"Oh, these everlasting disputes!" said old Korchagin, laughing,
and he pulled the napkin out of his waistcoat, noisily pushed
back his chair, which the footman instantly caught hold of, and
left the table.
Everybody rose after him, and went up to another table on which
stood glasses of scented water. They rinsed their mouths, then
resumed the conversation, interesting to no one.
"Don't you think so?" said Missy to Nekhludoff, calling for a
confirmation of the statement that nothing shows up a man's
character like a game. She noticed that preoccupied and, as it
seemed to her, dissatisfied look which she feared, and she wanted
to find out what had caused it.
"Really, I can't tell; I have never thought about it," Nekhludoff
answered.
"Will you come to mamma?" asked Missy.
"Yes, yes," he said, in a tone which plainly proved that he did
not want to go, and took out a cigarette.
She looked at him in silence, with a questioning look, and he
felt ashamed. "To come into a house and give the people the
dumps," he thought about himself; then, trying to be amiable,
said that he would go with pleasure if the princess would admit
him.
"Oh, yes! Mamma will be pleased. You may smoke there; and Ivan
Ivanovitch is also there."
The mistress of the house, Princess Sophia Vasilievna, was a
recumbent lady. It was the eighth year that, when visitors were
present, she lay in lace and ribbons, surrounded with velvet,
gilding, ivory, bronze, lacquer and flowers, never going out, and
only, as she put it, receiving intimate friends, i.e., those who
according to her idea stood out from the common herd.

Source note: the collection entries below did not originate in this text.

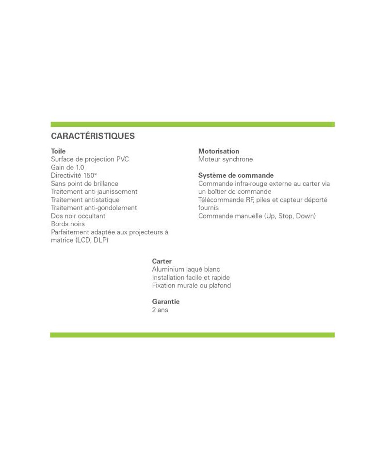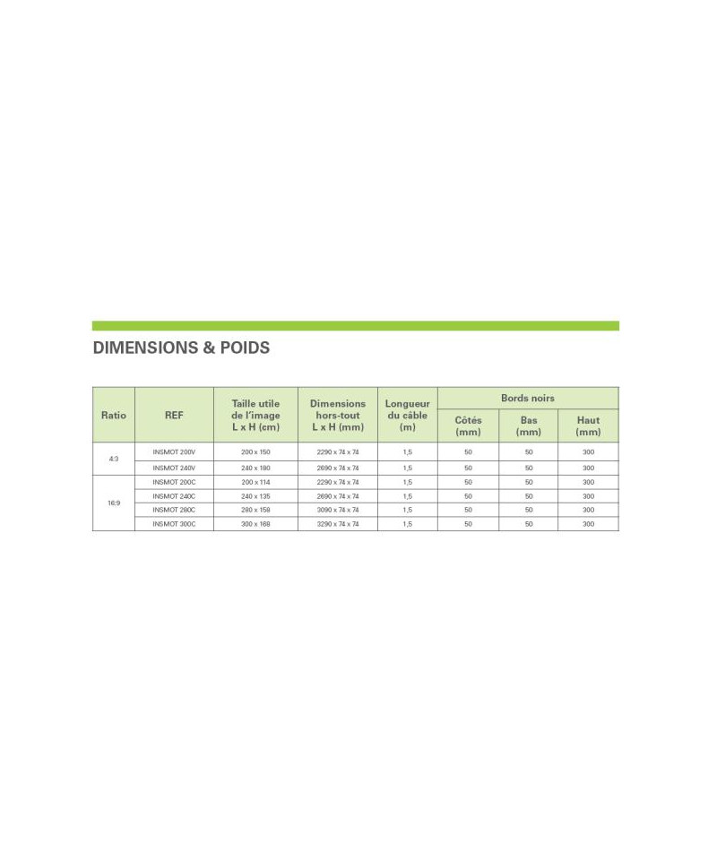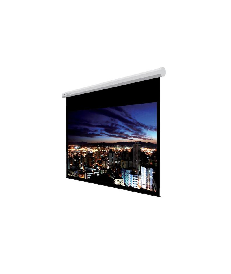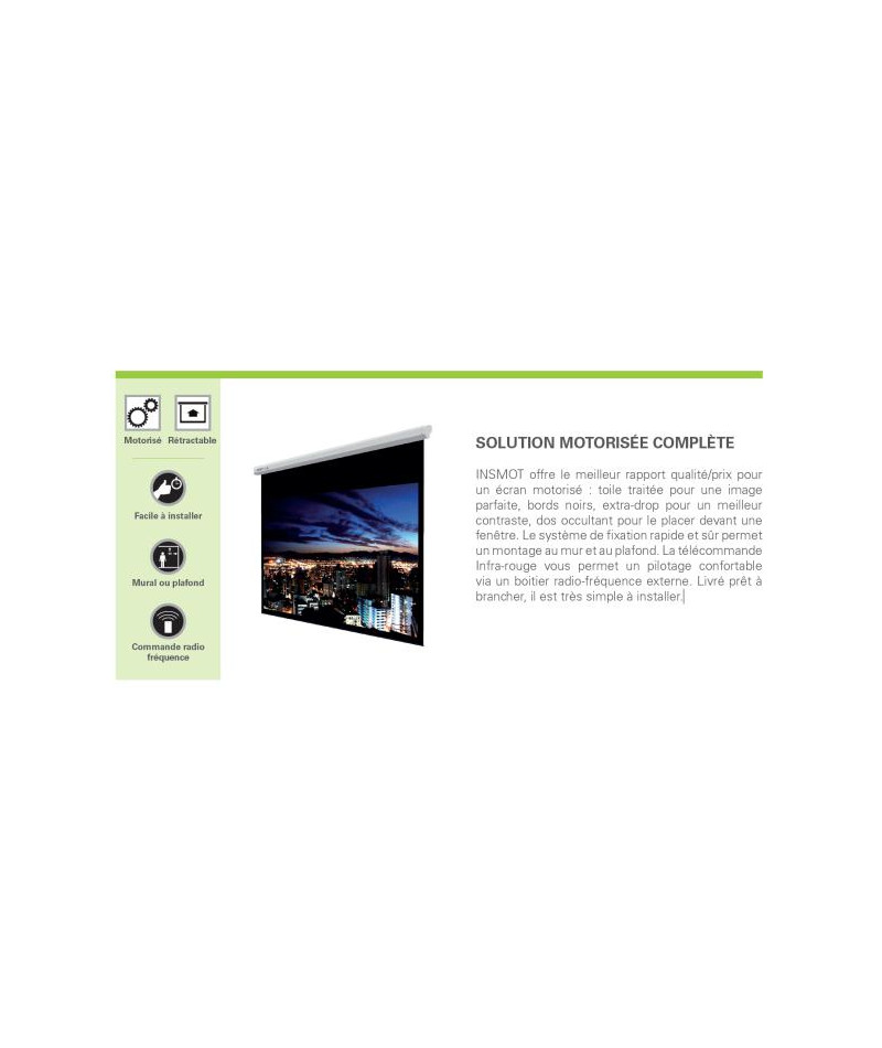 Écran motorisé INSTAAL format 4/3 - Taille utile de l'image : 200 x 150 cm. Toile blanc mât, bords noirs.Solution motorisée complète. INSMOT offre le meilleur rapport qualité/prix pour un écran motorisé : toile traitée pour une image parfaite, bords noirs, extra-drop pour un meilleur contraste, dos occultant pour le placer devant une fenêtre. Le système de fixation rapide et sûr permet un montage au mur et au plafond. La télécommande Infra-rouge vous permet un pilotage confortable via un boitier radio-fréquence externe. Livré prêt à brancher, il est très simple à installer.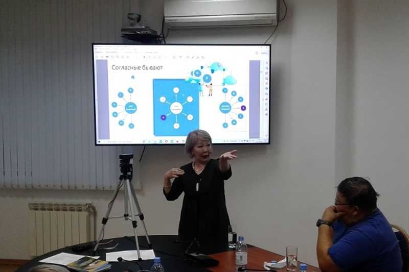 К примеру, преподаватель посредством фонетических и грамматических аналогий в казахском, английском, немецком и французском языках учила бизнесменов правильно произносить специфические казахские звуки и ставить ударение в словах.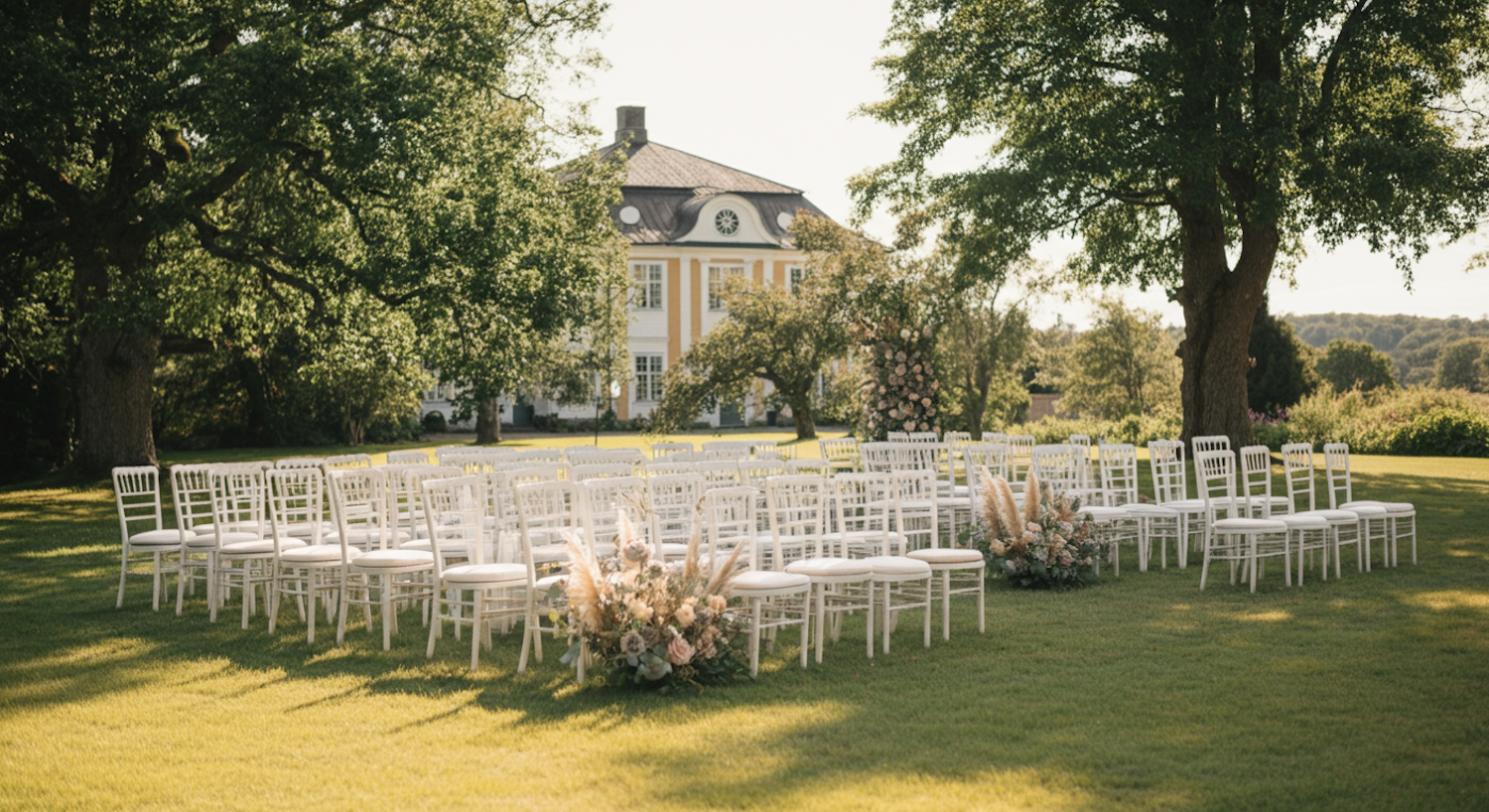 Elegant outdoor wedding setup with white chairs, floral arrangements, and a grand building in the background under sunny skies.

Nekhludoff was admitted into the number of these friends because
he was considered clever, because his mother had been an intimate
friend of the family, and because it was desirable that Missy
should marry him.
Sophia Vasilievna's room lay beyond the large and the small
drawing-rooms. In the large drawing-room, Missy, who was in front
of Nekhludoff, stopped resolutely, and taking hold of the back of
a small green chair, faced him.
Missy was very anxious to get married, and as he was a suitable
match and she also liked him, she had accustomed herself to the
thought that he should be hers (not she his). To lose him would
be very mortifying. She now began talking to him in order to get
him to explain his intentions.
"I see something has happened," she said. "Tell me, what is the
matter with you?"
He remembered the meeting in the law court, and frowned and
blushed.
"Yes, something has happened," he said, wishing to be truthful;
"a very unusual and serious event."
"What is it, then? Can you not tell me what it is?" She was
pursuing her aim with that unconscious yet obstinate cunning
often observable in the mentally diseased.